Все эти оттенки во мнениях обнаружатся позднее. Пока что они не затемняют первого суждения о «Мертвых душах»:

– Набор карикатур и гротесков!

Прошло всего два года с тех пор, как журналы уже кричали об этом хором, едва сделав первое знакомство с Григорием Александровичем Печориным. Разумеется, господа журнальные пауки многому за это время научились. Они преуспели и в высоком стиле и в доносах. Силы охранительной критики умножились. Потоки брани, вздора, вдохновенной лжи, игра на крапленых картах свидетельствовали о том, что в критику пришел наконец многосторонний господин Ноздрев. Недаром писал о нем Гоголь: «Он везде между нами и, может быть, только ходит в другом кафтане».

Силы охранителей основ умножились, но, с другой стороны, и оскудели. Два года назад, едва появился роман Лермонтова, сам император, став первым критиком этого романа, высказал основополагающую мысль. Применительно к Печорину Николай Павлович писал о малопривлекательных личностях, «которые, если бы они и существовали, должны быть оставлены в стороне, чтобы не возбуждать досады».

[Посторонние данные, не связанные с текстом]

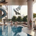 Family pool, kids’ play area, rock climbing wall, cinema, dog park, and gaming lounge.
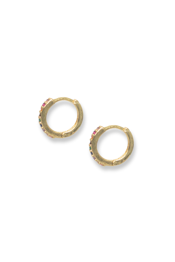 The Stella Huggie Earrings are dainty gold huggies with a vibrant twist. Featuring sparkling multicolored gemstones that catch the light beautifully. These earrings are the perfect pop of color for everyday wear, offering just enough shimmer to stand out while staying sleek and subtle.
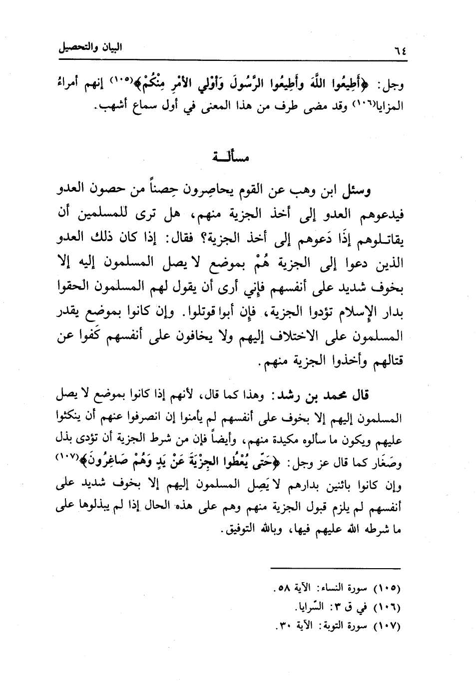 مسألة وسئل ابن وهب عن القوم يحاصرون حصنا من حصون العدو، فيدعوهم العدو إلى أخذ الجزية منهم، هل ترى للمسلمين أن يقاتلوهم إذا دعوهم إلى أخذ الجزية؟ فقال: إذا كان ذلك العدو الذين دعوا إلى الجزية هم بموضع لا يصل المسلمون إليه إلا بخوف شديد على أنفسهم، فإني أرى أن يقول لهم المسلمون: الحقوا بدار الإسلام تؤدوا الجزية، فإن أبوا قوتلوا، وإن كانوا بموضع يقدر المسلمون على الاختلاف إليهم، ولا يخافون على أنفسهم كفوا عن قتالهم، وأخذوا الجزية منهم.
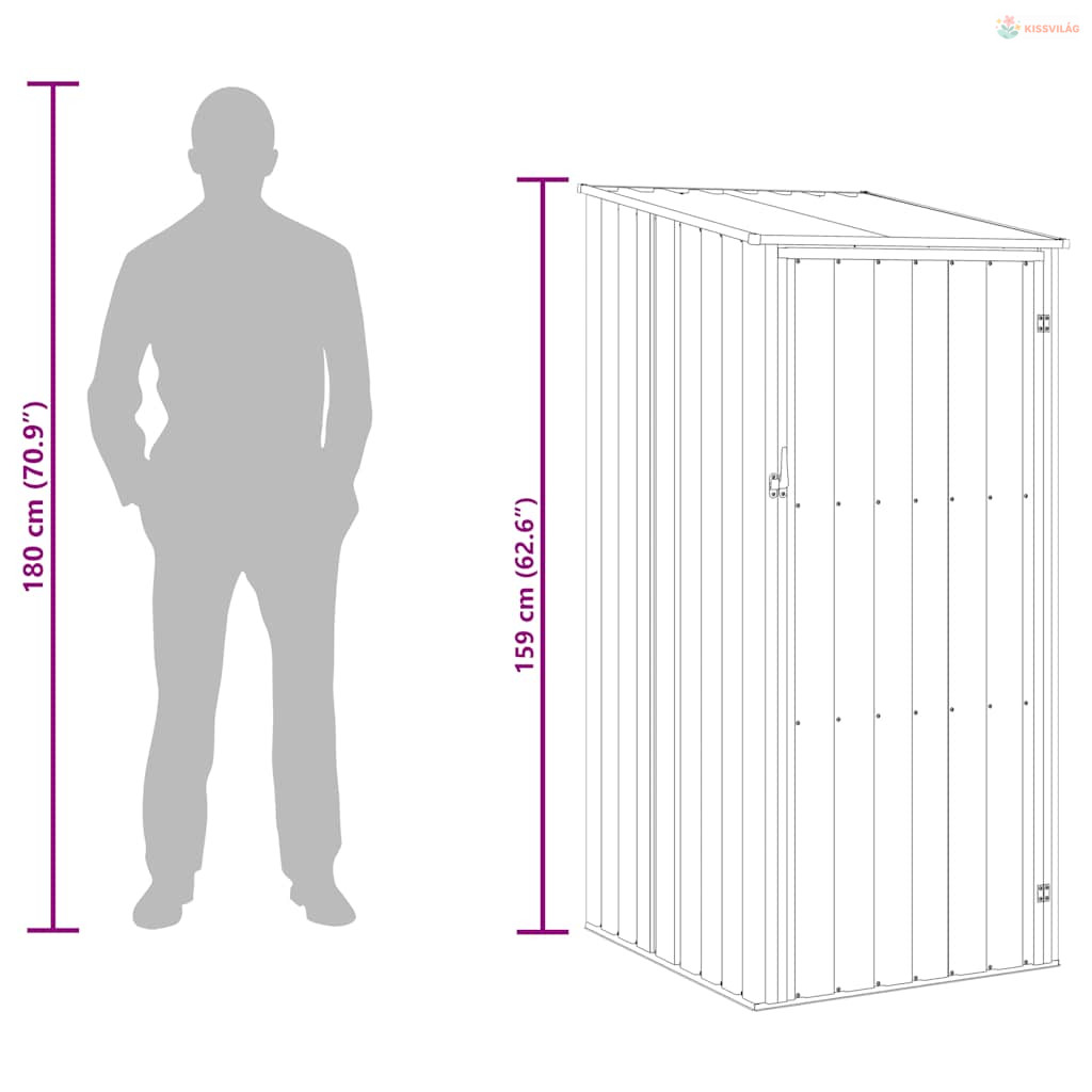 • Tartós anyag: Mivel horganyzott acélból készült, ez a tárolófészer minimális karbantartást igényel, és nagyon tartós.
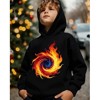 Chico 3D Graphic Geométrico de impresión en 3D Sudadera Manga Larga Primavera Otoño Moda Ropa de calle Niños 4-12 años Con Capucha Exterior Casual Diario Ajuste regular
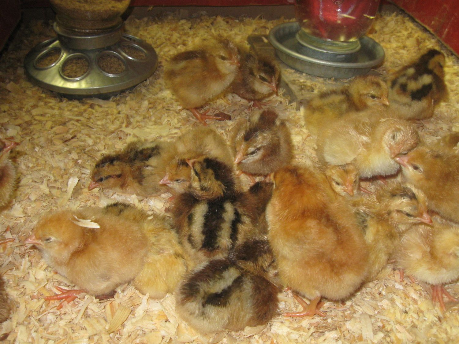 You can tell some of them were crossed with Speckled Sussex by the little chipmunky stripes. It's kind of hard to tell from the pic but some of them have a really lemon/mustard yellow cast to them. It's going to be so interesting to see how they color up. Can't wait!
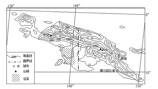 (1)地形就要指出主要地形类型及分布,地势特征是高低起伏的总趋势。根据材料一,结合材料二等高线图分析,该岛地形中部是高大山脉,呈西北—东南方向斜贯全岛。北部是海岸山脉,以丘陵、低山为主,沿海有面积狭窄的沿海平原。南部是平原,面积大,但沼泽广布。该岛的地势中部高,南北两侧低,山高坡陡,地势高差悬殊。
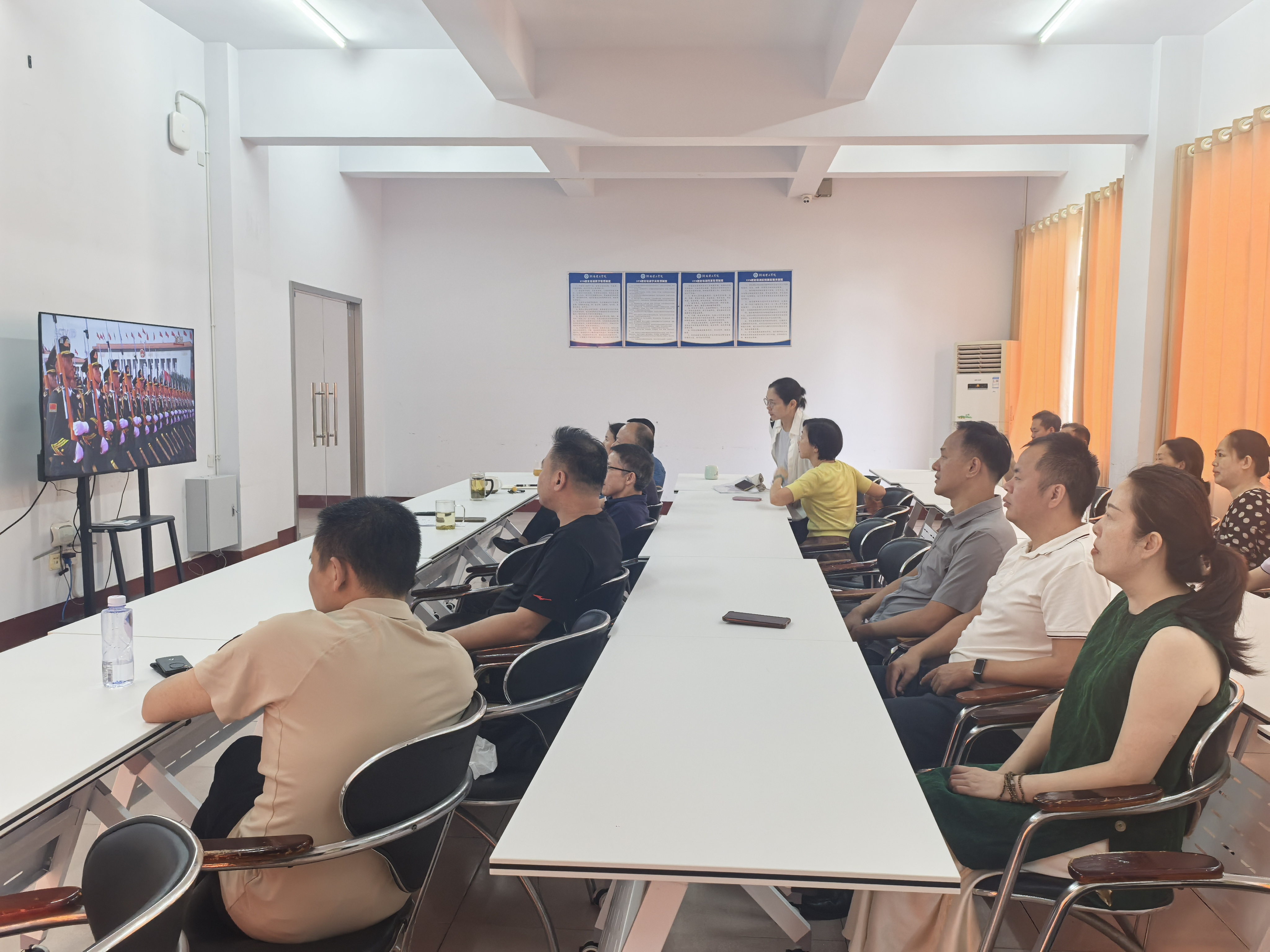 9月3日上午,湖南理工学院机关第十八党支部组织全体党员集中收看纪念中国人民抗日战争暨世界反法西斯战争胜利80周年阅兵仪式,以“精神检阅”开展主题党日活动,回望历史、凝聚力量。 直播中,徒步方队、装备方队与空中梯队依次亮相,国产新装备引发党员们阵阵赞叹。大家为军队实力、国家发展倍感自豪。 观礼后,党员们一致表示,要把观礼的振奋转化为工作动力,将爱国教育与岗位职责结合,以实际行动践行“为党育人、为国育才”使命。

Но не вняла монаршей воле русская словесность. Уж вовсе ничего привлекательного нет, например, в Павле Ивановиче Чичикове, которого сам автор назвал подлецом. Но безнаказанно разъезжает в своей бричке герой, наполняя русские просторы звоном дорожных колокольчиков.

А прочие-то господа существовали? Это к их доброй воле взывал, оказывается, в Государственном Совете монарх! Выходит, чуть ли не с Чичиковым состязался он в увещевании дубинноголовых Коробочек! Или, может быть, в имении Плюшкина обретут счастье обязанные крестьяне? Или осуществит новый порядок тот самый губернатор, который так искусно вышивает по тюлю? Или будет печься о законе прокурор, у которого на поверку всего только и было, что густые брови? Или утешит взгляд венценосца будочник, который, поймав у себя на воротнике какого-то зверя, за отсутствием других происшествий, казнит его у себя на ногте?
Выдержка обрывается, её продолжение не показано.